The biotechnology example is closer to the emergent nanotechnology industry, as both depend on research by star scientists at major universities.
Darby and Zucker pinpoint the beginning of the required nanotechnology inventor's toolkit to the invention of the series of super high resolution microscopes starting with the scanning tunneling microscope invented by IBM in 1981, followed later by the atomic force microscope. These microscopes enable scientists to view and manipulate individual atoms. A famous example is the scribing of the letters 'IBM' by positioning xenon atoms on a nickel surface using a special scanning tunneling microscope. The letters are each about 6 nanometers across (one nanometer = one billionth of a meter).

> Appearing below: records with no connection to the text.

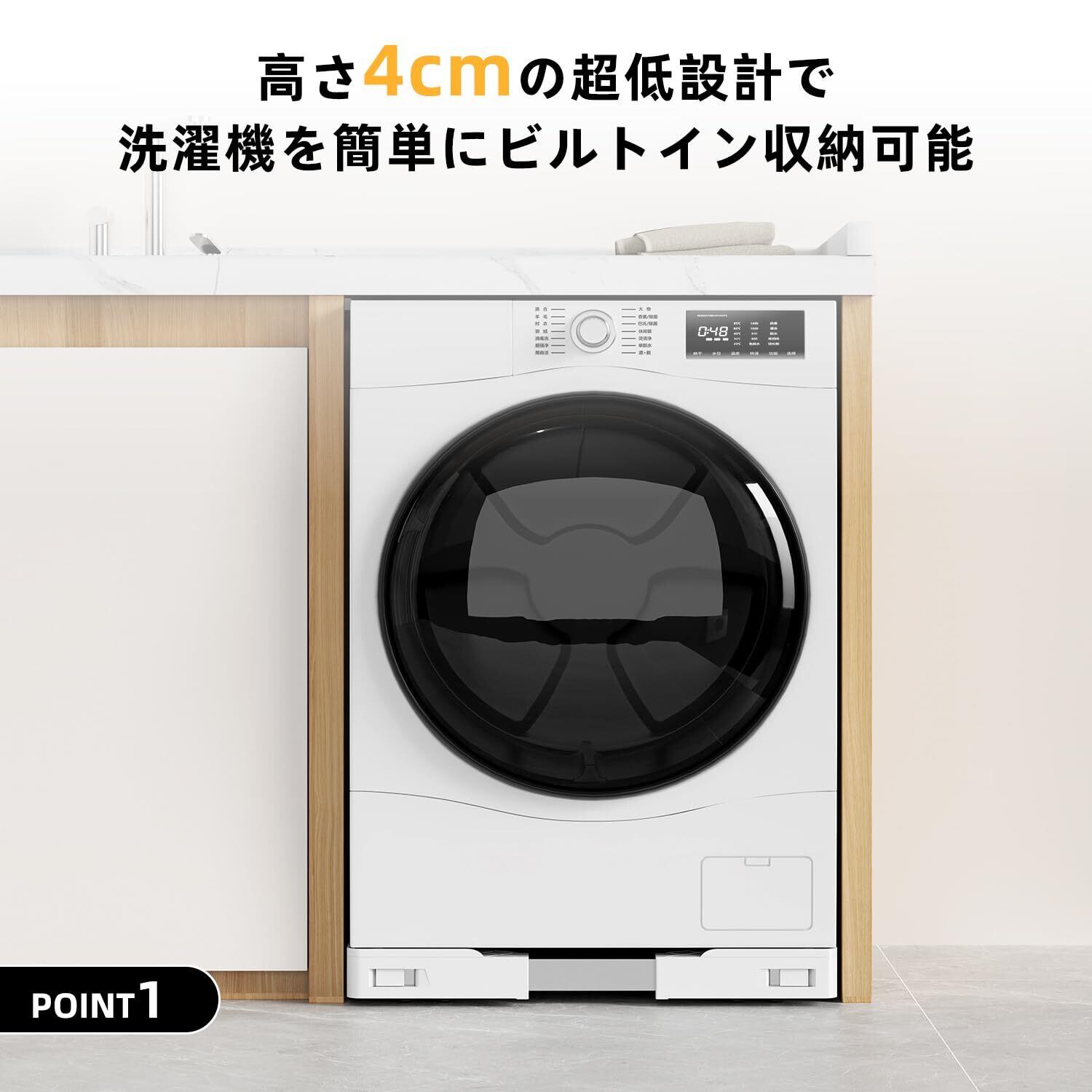 【超薄型設計でどんな環境にも対応】本製品は、わずか4cmの超薄型デザインを採用しており、限られたスペースにもスムーズに設置が可能です。内嵌構造により、洗濯機や乾燥機をセットしても見た目がすっきり整い、インテリアにも馴染みます。また、高品質なステンレス鋼とABS樹脂を使用し、優れた安定性と耐腐食性を実現しました。360度のスムーズな移動が可能で、最大150kgまでの耐荷重性能を誇ります。さらに、洗濯機や冷蔵庫との接触を防ぎ、排水や清掃の問題も簡単に解決します。
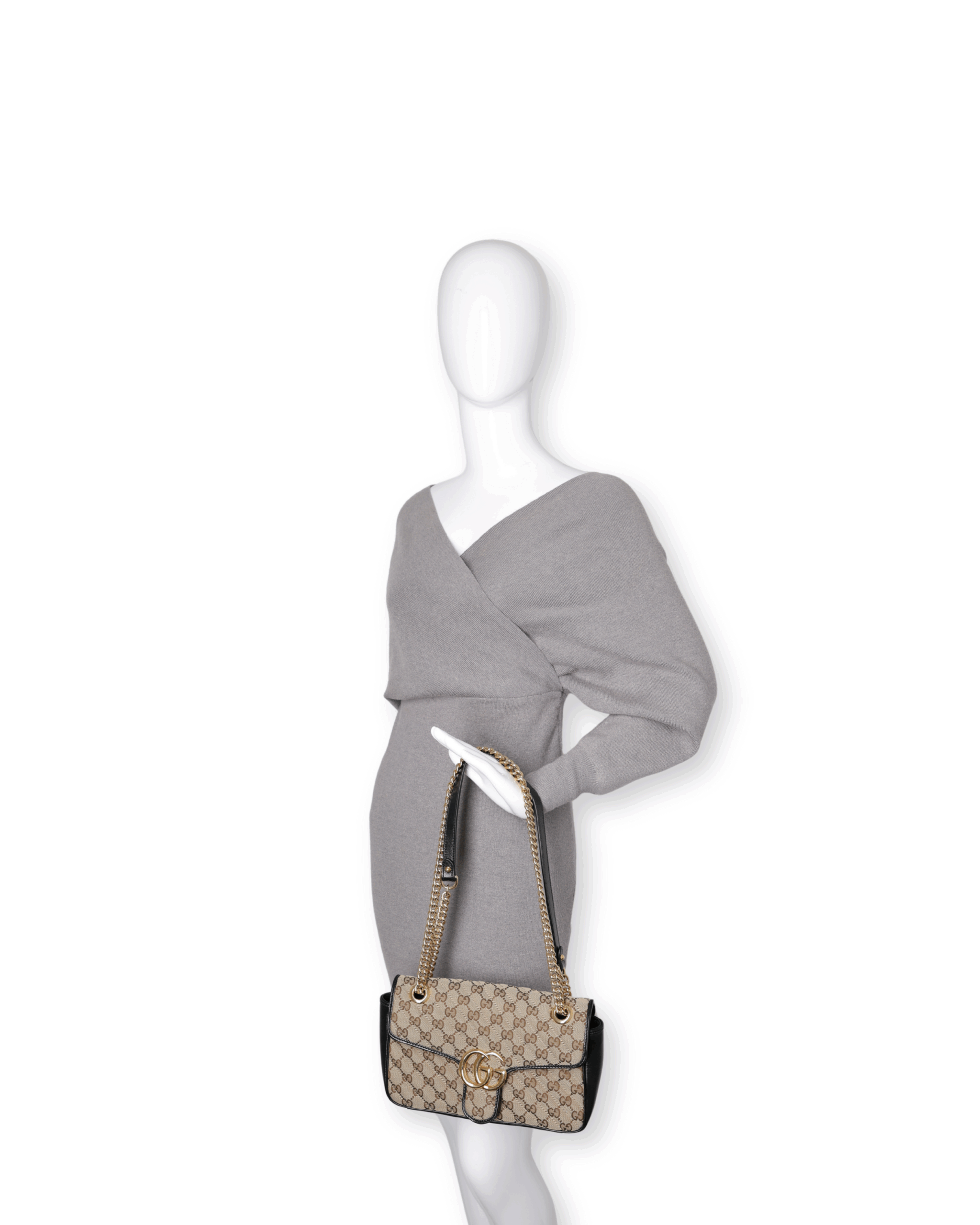 Gucci - Monogram Matelasse Diagonal Marmont Shoulder Bag Beige Black (Pre-Owned)
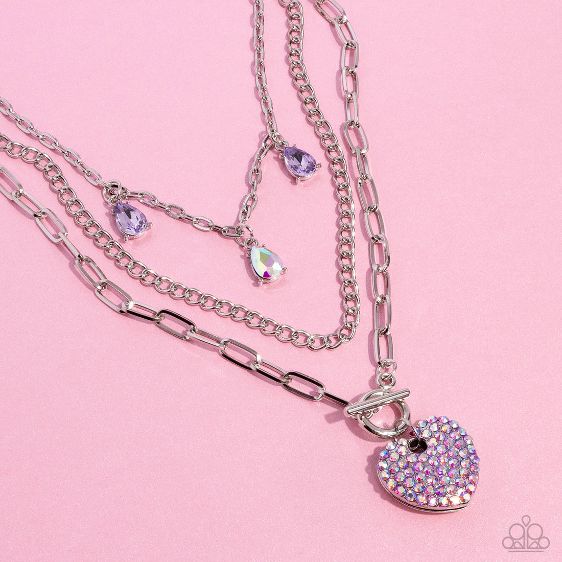 Three mismatched silver chains layer and loop around the neckline. Two purple and an iridescent teardrop gem in silver-pronged fittings dangle from the uppermost chain while a lavender iridescent-rhinestone encrusted heart pendant loops through the lowermost chain for a radiantly, romantic statement. Features an adjustable clasp closure. Due to its prismatic palette, color may vary.
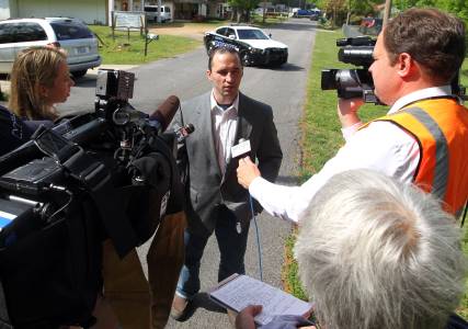 Everett Dutschke speaks to the media as federal officials search his property in Tupelo, Mississippi, April 23, 2013. Federal law enforcement agencies investigating ricin-laced letters sent to President Barack Obama and other officials broadened their search for clues on Wednesday by targeting the former business of a Mississippi martial arts instructor. Members of an anti-terrorist response team from the Mississippi National Guard wearing hazmat suits had already searched Dutschke's home on Tuesday, accompanied by agents from the FBI and the U.S. Capitol Police. Picture taken April 23, 2013. REUTERS/Lauren Wood/Daily Journal (UNITED STATES - Tags: CRIME LAW MEDIA) FOR EDITORIAL USE ONLY. NOT FOR SALE FOR MARKETING OR ADVERTISING CAMPAIGNS. NO ARCHIVES. NO SALES
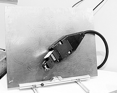 在展臺上,記者看到一個像壁虎一樣吸附在鐵板上爬行的機(jī)器,不禁問道:它能干什么?
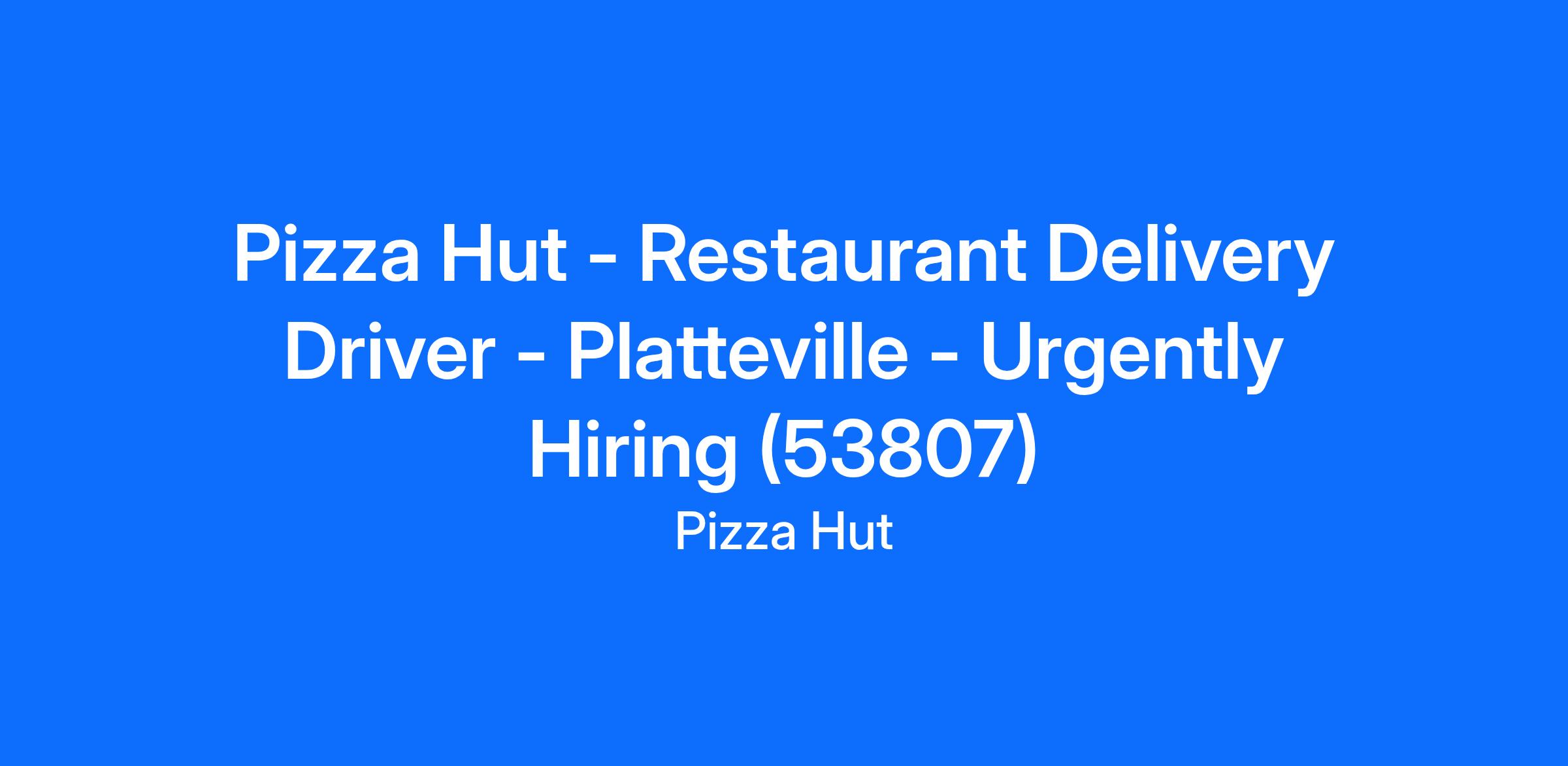Pizza Hut - Restaurant Delivery Driver - Platteville - Urgently Hiring (53807)
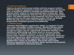 • 4 . Antivirüs Kullanımı Tablet ya da akıllı telefonunuza mutlaka antivirüs programı kullanın . Ġndirmiş olduğunuz uygulamanın zararlı bir yazılım olması durumunda uyarı ve temizleme işlemlerini kolaylıkla gerçekleştirebilirsiniz . Eğer Android işletim sistemli bir cihaz kullanıyorsanız mutlaka AVL , Avast Mobile Security , Bitdefender Antivirüs Free gibi programlardan birisini indirin . iOS işletim sistemine virüs bulaşması çok zordur , ancak işletim sistemi kırılmış bir iOS cihaz tehlikelere açıktır . iOS için ise McAfee Mobile Security , Avira Vault ve Norton Mobile Security gibi programlarla virüslerden güvenle korunabilirsiniz .
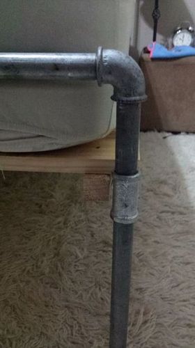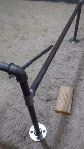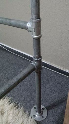 Для ножек использовались трубы с двусторонней резьбой, поэтому на нижний край навинтите фланцы из нержавейки, чтобы не испортить пол и покрытие на полу.
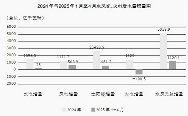 非化石能源替代已經成為能源結構優化調整的重點方向和中長期趨勢性選擇。近年來,能源行業深入貫徹落實碳達峰碳中和戰略,力爭在2030年前實現碳達峰目標。我國非化石能源實現了跨越式發展,風電、太陽能發電裝機規??焖僭黾?,水電、風電、太陽能發電量逐年大幅增加,對煤炭等傳統能源替代作用越來越明顯。我國新能源發展經歷了10多年不斷創新培育,逐漸由起步階段向快速發展階段轉變,一批大型水電站陸續建成投產,一大批沙戈荒大型風電、光伏基地和海上風電、農村分布式光伏發電項目投入運營,水電、風電、太陽能發電量逐年大幅增加。2024年,水電、風電、太陽能發電量增量為5059億千瓦時,占全國發電量增量的79.9%。今年前4個月,全國水電、風電、太陽能發電量增量為1120.1億千瓦時,火電發電量同比減少790.5億千瓦時,非化石能源對傳統化石能源的替代作用顯著增強。
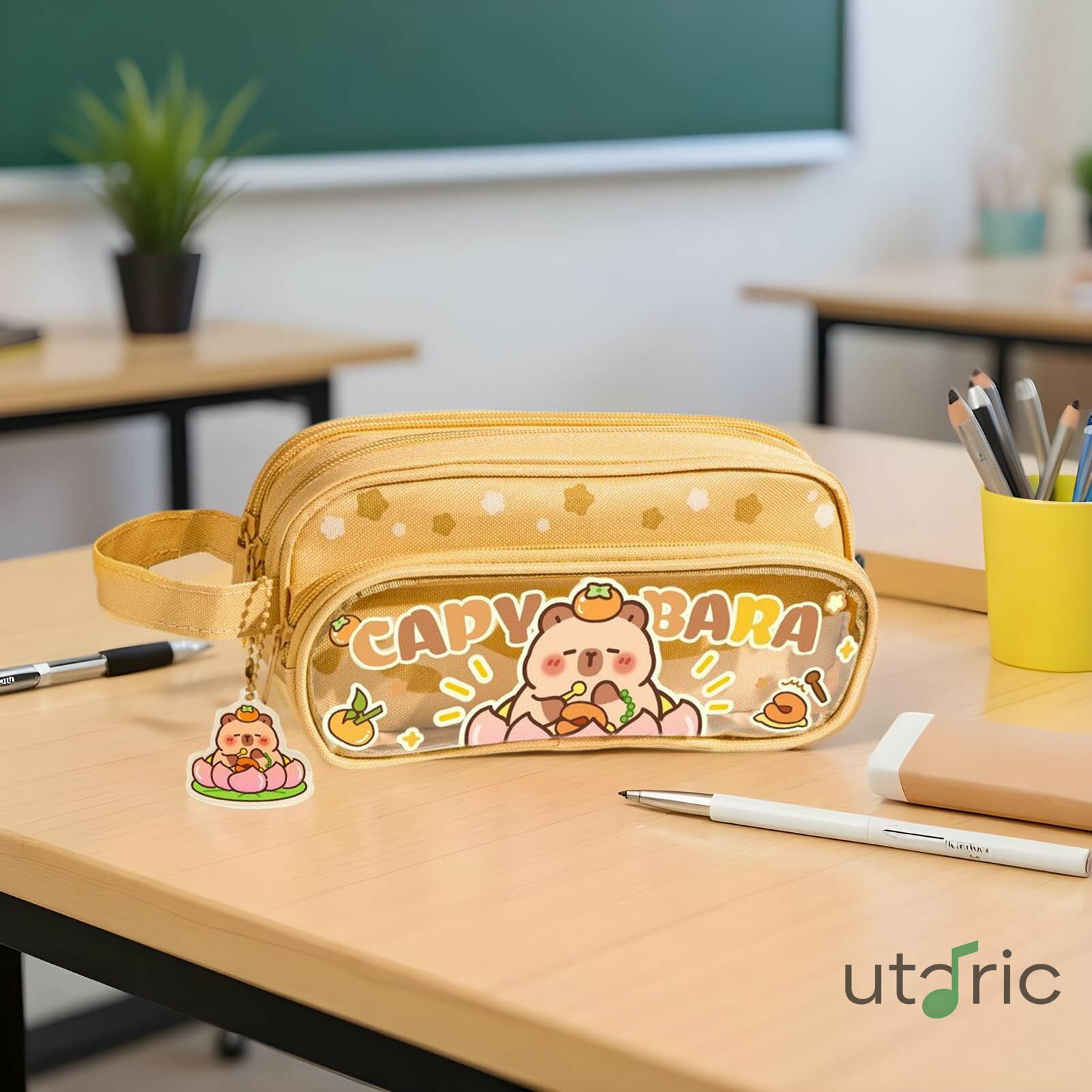 かわいいペンケース 大容量 筆箱 文房具ポーチ | ペン収納ボックス 付箋帳対応 女子学生 図書館 旅行に最適な文具用品

The Gathering Preconditions for the Industrial Nanotech Revolution
Darby and Zucker note the rapid growth of interest in scientific journals in nanotechnology following the invention of atomic scale microscopes. While rarely written about before 1990, in the decade that followed more than 2 percent of all science and engineering articles have been on these subjects. For their paper, Darby and Zucker began with an Institute of Scientific Information 2000 database of all journal articles about nanotechnology in which at least one author is affiliated to one of the top 112 U.S. research universities (more than half of all articles in the world published on these topics are by American authors). They identified which among these papers are the most cited by other authors ("high-impact academic papers") and used the home addresses of the authors to define high science sections of the country. They correlated this information with data on firms currently investing in this field and whose staff scientists publish in journals (it is a regular practice in this field for private sector scientists to publish their results as soon as patents have been obtained). Lastly the two authors correlated National Science Foundation grants over an 18 year period to further aid in identifying regional science bases.
One of their conclusions was: "Where commercial opportunity is built on fast-advancing academic science it is generally more economical to establish commercial laboratories and even manufacturing facilities near the universities than to try to move the scientists and their network to an existing firm location." The two strongest factors Darby and Zucker discovered in predicting strong science bases in a given region are the number of top scientists at nearby universities and the existence of a large pool of highly skilled workers, this last measured by local wage scales. "Firms enter nanotechnology," they write, "near where top scientists are making breakthrough discoveries and where skill levels in the work force are high."
Most of the experimental work thus far is in semiconductors, integrated circuits, and superconductors (about 62% of entries) and much of the rest is in biology, medicine, and chemistry. Venture capital, Michael Darby and Lynn Zucker conclude, comes in to support already created technical opportunities rather than having the strength to create them itself.
They conclude that "many of the best nano scientists and engineers maintain their academic positions and research programs while co-founding and guiding new entrants or continuing relationships collaborating at the bench-science level with scientists from incumbent firms."